Newcomer Supply Fite, Leprosy, Animal Control Slides are for the positive histochemical staining of Mycobacterium leprae, the causative agent of leprosy.



    1. Heat dry sections in oven according to your laboratory protocol.
    2. Filter Solution B: Carbol Fuchsin Stain, Ziehl-Neelsen with high quality filter paper.



    1. Deparaffinize slides in Solution A: Xylene/Peanut Oil, 2:1, two changes for 10 minutes each.
        1. See Procedure Note #1.
    2. Drain slides, wipe off excess oil, and blot to opacity taking care to remove residual oil.
        1. See Procedure Note #2.
    3. Stain in freshly filtered Solution B: Carbol Fuchsin Stain, Ziehl-Neelsen for 15 minutes at room temperature.
    4. Rinse well in distilled water.
    5. Differentiate slides individually in Solution C: Acid Alcohol 1% until sections are light pink; 5-10 dips.
    6. Rinse well in distilled water.
    7. Counterstain in Solution D: Light Green SF Yellowish 0.1%, Aqueous; 5-10 dips.
    8. Rinse in distilled water.
    9. Blot excess water from slide and air-dry or oven-dry completely.
    10. Dip dried slides in xylene and coverslip with a compatible mounting medium.



Mycobacterium leprae Red
Other tissue elements Green



    1. Acid-fastness of leprosy organisms is enhanced when the waxy capsule is protected by the mixture of xylene/peanut oil and avoidance of dehydrating solutions.
    2. It is important to blot well, residual oil may produce staining artifact.
    3. If using a xylene substitute, follow manufacturer’s recommendation for coverslipping step.

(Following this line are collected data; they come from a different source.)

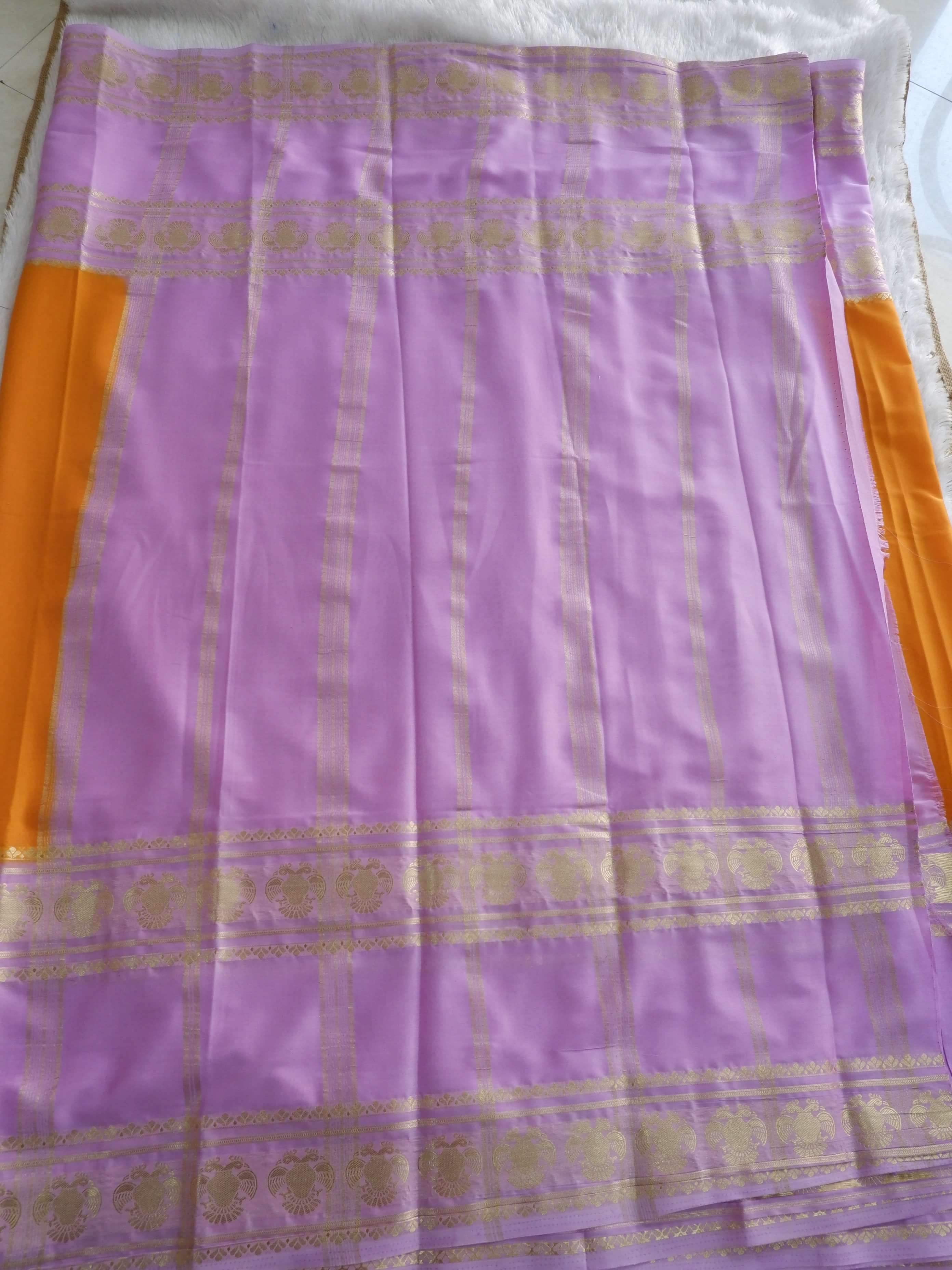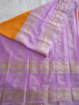 Semi Mysore Silk Saree in Mustard with Lavender Blouse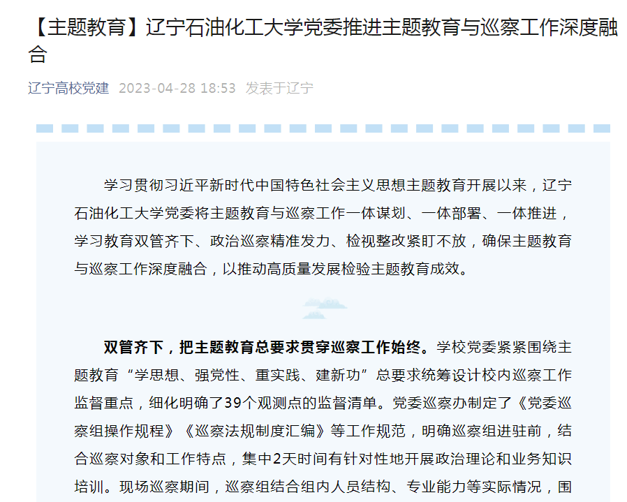 編者按:近日,遼寧高校黨建微信公眾號、網易新聞等媒體平臺對我校黨委將主題教育與巡察工作一體謀劃、一體部署、一體推進,學習教育雙管齊下、政治巡察精準發力、檢視整改緊盯不放,確保主題教育與巡察工作深度融合,以推動高質量發展檢驗主題教育成效進行了宣傳報道?,F將相關報道轉載如下: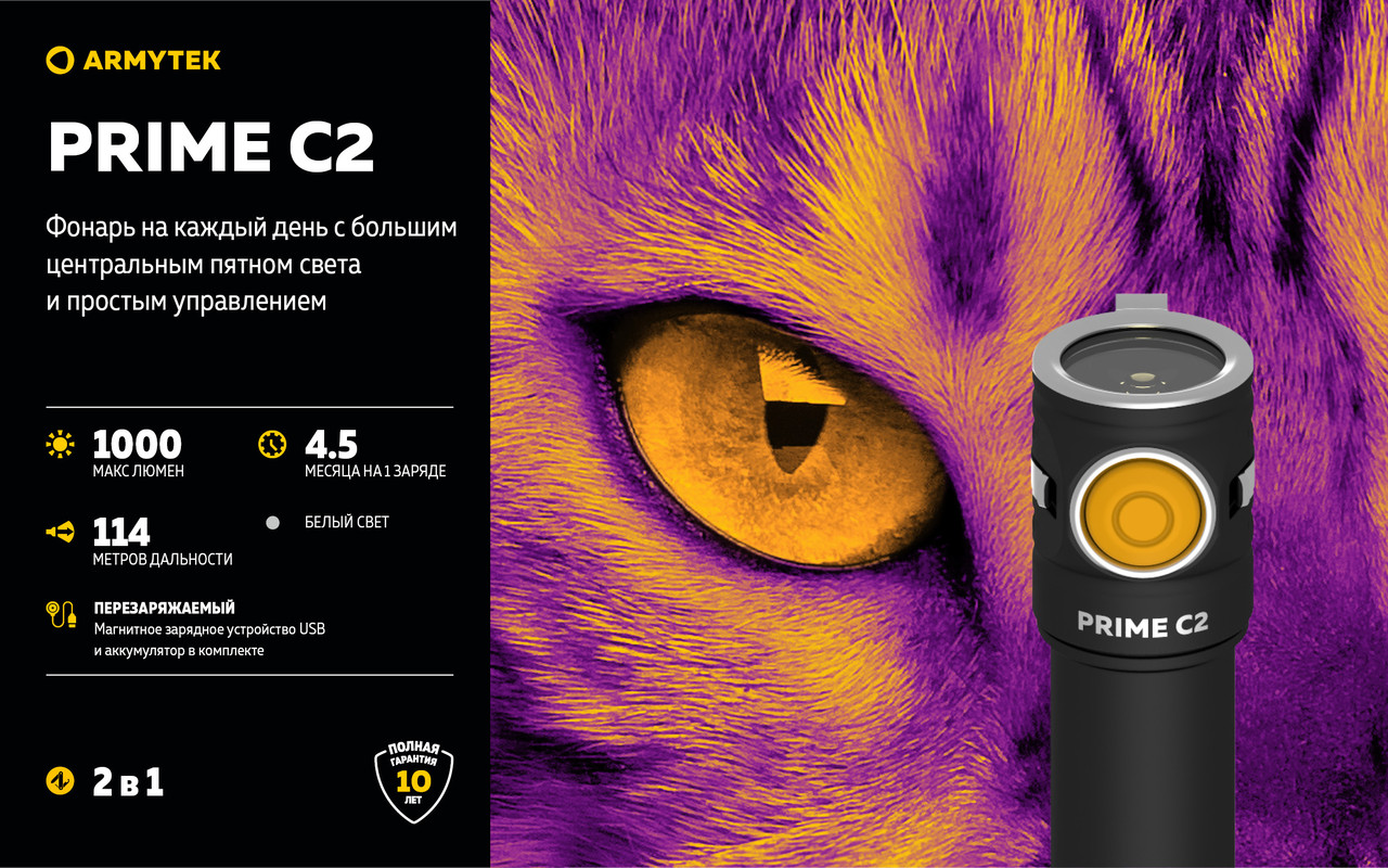 ARMYTEK PRIME C2 MAGNET USB (холодный свет)Prime C2 — это модель для тех, кто в повседневном применении использует базовый набор режимов. Оптимальная яркость, интуитивно понятное управление, а также комплектные и опциональные аксессуары делают Prime C2 незаменимым основным или дополнительным источником света на вечерней прогулке, в походе с ночевкой или дома. Надежный нейлоновый чехол позволяет фиксировать фонарь на ремне, 35 500 тг. Маркетплейс: Satu.kz ТОО "THOR'S HAMMER" Доставка: по Казахстану ПожаловатьсяКупить!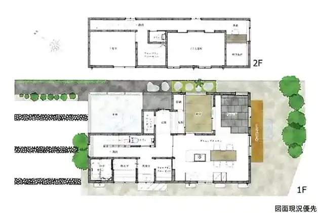 | 設備 | トイレ2ヶ所、システムキッチン、食器洗浄乾燥機、ウォークインクローゼット、エアコン、CATV、モニタ付インターホン、玄関土間・SIC、ウッドデッキ | ||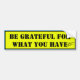 This bumper sticker reminds people to be grateful for what they have.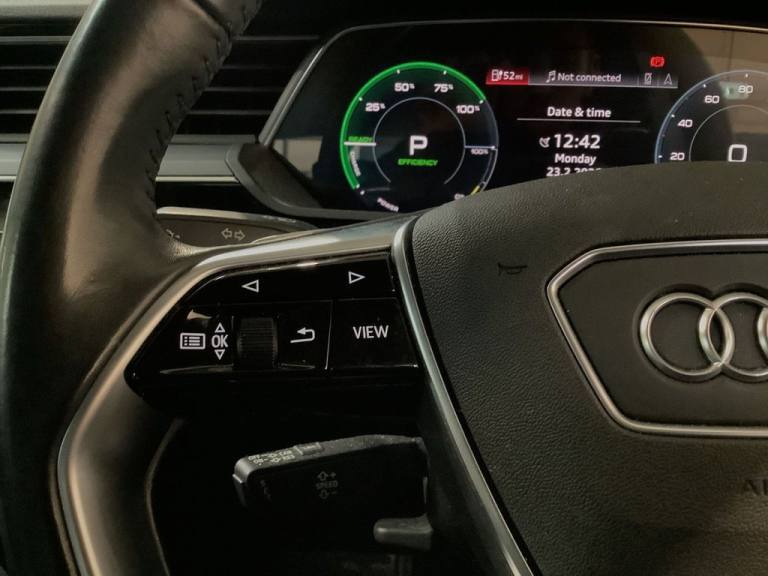 Why This Audi e-tron Wins? This 2020 Audi e-tron Technik delivers the perfect introduction to premium electric driving. As a fully electric SUV with quattro all wheel drive, it offers smooth, silent acceleration paired with confident grip in all conditions. The 71 kWh battery provides a maximum range of up to 194 miles when new, making it ideal for both daily commuting and longer motorway journeys. With a full service history and a clear vehicle history check, this example offers complete peace of mind. The Technik trim ensures a high specification interior, combining Audis renowned build quality with advanced technology and comfort features. Performance is equally impressive, accelerating from 0-60mph in just 6.8 seconds — strong evidence that electric efficiency doesnt mean compromising on power. Charging is simple and flexible. A full home charge using a 7kW wall box takes approximately 9 hours and 10 minutes, while rapid public charging can take the battery from empty to 80% in just 34 minutes — perfect for quick top-ups on the go. Your Peace of Mind? - Clear vehicle history check - Optional 3-36-month extendable warranties - Free 12-month AA roadside assistance - Fully prepared to showroom standard with its existing MOT and servicing, and we can organise any further MOT or service enhancements at your request. - Drive Away, Insurance Available - No hidden or extra costs, like admin fees Autotraders 2024 Insights: Top 3 e-tron Buyer Priorities: - Electric Driving Range - Charging Convenience - Premium Comfort & Technology - This e-tron answers those priorities perfectly. Its practical range, rapid charging capability, and high-spec Technik trim combine to create a refined, future-ready SUV that delivers both luxury and efficiency in equal measure. Stress-Free Next Steps: - Free Part Exchange Valuation - £0 Deposit Car Finance - Includes free credit checker - Reserve for £99 - Fully refundable.AMI - Audi Music Interface - Front, Audi Connect, Audi Connect Safety and Service - e-call, Audi Smartphone Interface Includes Wireless Functionality, Audi Sound System, DAB Digital Radio, MMI Navigation Plus with MMI Touch - Twin Touch Screens with Haptic Feedback, Vehicle Inlet Combo 2 - EU CCS, Privacy Glass, 20in Alloy Wheels - 5-Arm Design, Anti-Theft Wheel Bolts and Wheel Loosening Warning, Body Coloured Door Mirrors, Bumpers - Contrasting, Door Mirrors - Electrically Adjustable - Heated - Folding - Automatically Dimming with Memory Function with Kerb View Function for Passenger Side, Electric Windows - Front and Rear, Gloss Styling Pack, 2-Zone Automatic Air Conditioning, 4-Way Lumbar Support for Front Seats, AC and DC Charging Access Point on Drivers Side and Second AC Charging Access Point on Passenger Side, Audi Virtual Cockpit, Auto Dimming and Frameless Rear View Mirror, Cloth Headlining in Lunar Silver, Door Sills with Aluminium Inlays, Electrically Adjustable Front Seats including Memory Function for Drivers Seat, Four-Spoke Multi-Function Leather Steering Wheel with Paddles, Front and Rear Floor Mats, Heated Front Seats, Inlays in Graphite Grey Paint Finish, Keyless Go, LED Interior Light Package, Luggage Compartment Cover, Power Operated Tailgate, Removable Net Partition, Sun Visors with Illuminated Vanity Mirrors, Tool Kit, Galaxy Blue, 11 kW Onboard Charger, Adaptive Air Suspension, Household Plug Type G - GB, Industry Plug CEE 32 A-230 V, LED Headlights with Function-On-Demand Preparation, LED Rear Lights, Mode 3 Type 2-AC Charging Cable 22kW, Progressive Steering, ABS - Anti-Lock Braking System, Active Vehicle Alerting System - AVAS, Airbags - Driver, Anti-Theft Alarm, Audi Drive Select, Audi Pre-Sense Front and Basic, Compact e-tron Charging System, Cruise Control with Speed Limiter, First Aid Kit and Warning Triangle, ISOFIX Child Seat Mounting for Front Passenger Seat with Front Passenger Airbag Deactivation, ISOFIX Child Seat Mounting for Outer Rear Seats, Lane Departure Warning, Parking System Plus with 360 Degree Sensors and Function-On-Demand Preparation, Rear View Camera, Side Airbags - Front and Head Airbag System

    1. Carson, Freida L., and Christa Cappellano. Histotechnology: A Self-instructional Text. 5th ed. Chicago: ASCP Press, 2020. 215-216.
    2. Fite, George, P.J. Cambre and M.H. Turner. “Procedure for Demonstrating Lepra Bacilli in Paraffin Sections”. Archives of Pathology 43 (1947). 624-625.
    3. Sheehan, Dezna C., and Barbara B. Hrapchak. Theory and Practice of Histotechnology. 2nd ed. St. Louis: Mosby, 1980. 237.
    4. Modifications developed by Newcomer Supply Laboratory.